* [DATASET CONTENT]
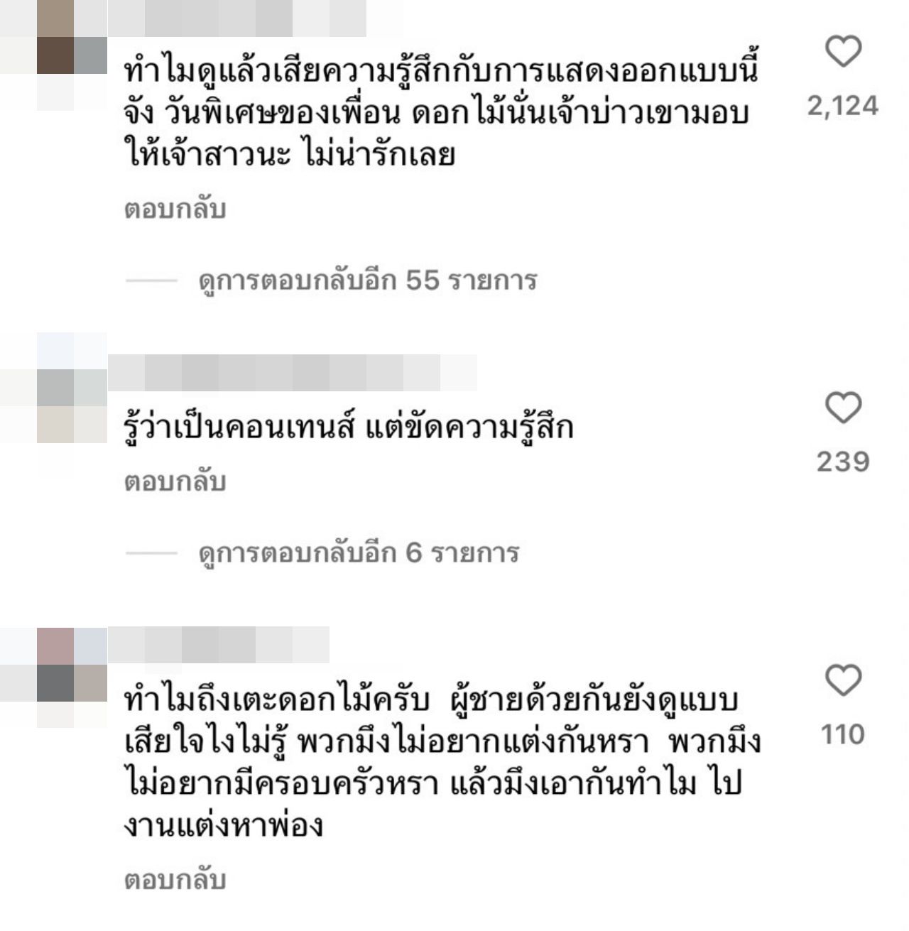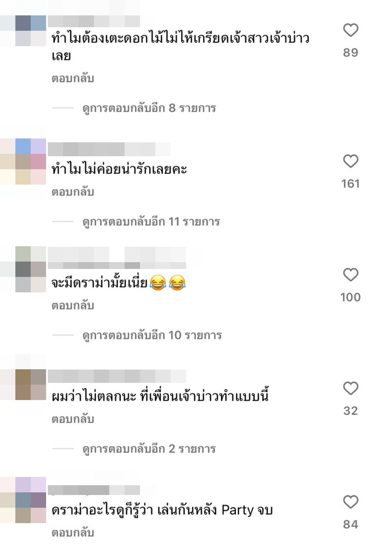 หลังจากที่หลายคนได้เห็นคลิปดังกล่าว กลับไม่ขำด้วย และเกิดดราม่าขึ้นมาทันที โดยมองว่าเป็นการกระทำที่ไม่เหมาะสม เสียความรู้สึก เพราะเป็นวันสำคัญของเพื่อน ซึ่งก็ได้มีคนเข้ามาคอมเมนต์จำนวนมาก อาทิ
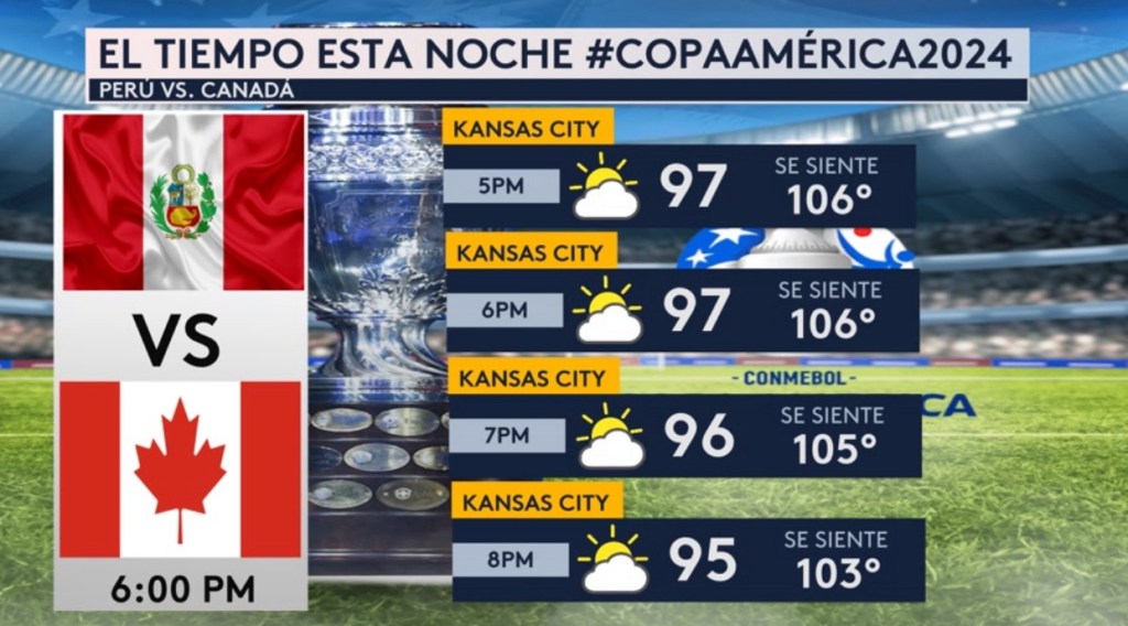 •Pronóstico esta noche para el primer partido de la Copa América entre Perú y Canadá a las 6:00 PM en Kansas City, Missouri. Será una noche caliente con sensaciones térmicas en los tres dígitos hasta después de la puesta del sol
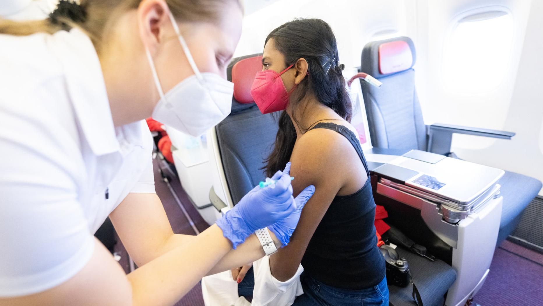 Die Impflinge durften während und nach dem Stich in der Austrian Airlines-Langstreckenmaschine Platz nehmen und sich durch das Angebot der „Austrian Melangerie“ kosten. Anläßlich der Öffnung der USA für EU-Bürger am 8. November wurde zusätzlich ein Flug für zwei Personen nach New York City verlost.

* [TASK]
The lines to be transcribed are those from the first line of the data above through the line holding "puesta del sol", inclusive; copy them exactly and only, leaving out the pictures.

* [TASK SOLUTION]
 หลังจากที่หลายคนได้เห็นคลิปดังกล่าว กลับไม่ขำด้วย และเกิดดราม่าขึ้นมาทันที โดยมองว่าเป็นการกระทำที่ไม่เหมาะสม เสียความรู้สึก เพราะเป็นวันสำคัญของเพื่อน ซึ่งก็ได้มีคนเข้ามาคอมเมนต์จำนวนมาก อาทิ
 •Pronóstico esta noche para el primer partido de la Copa América entre Perú y Canadá a las 6:00 PM en Kansas City, Missouri. Será una noche caliente con sensaciones térmicas en los tres dígitos hasta después de la puesta del sol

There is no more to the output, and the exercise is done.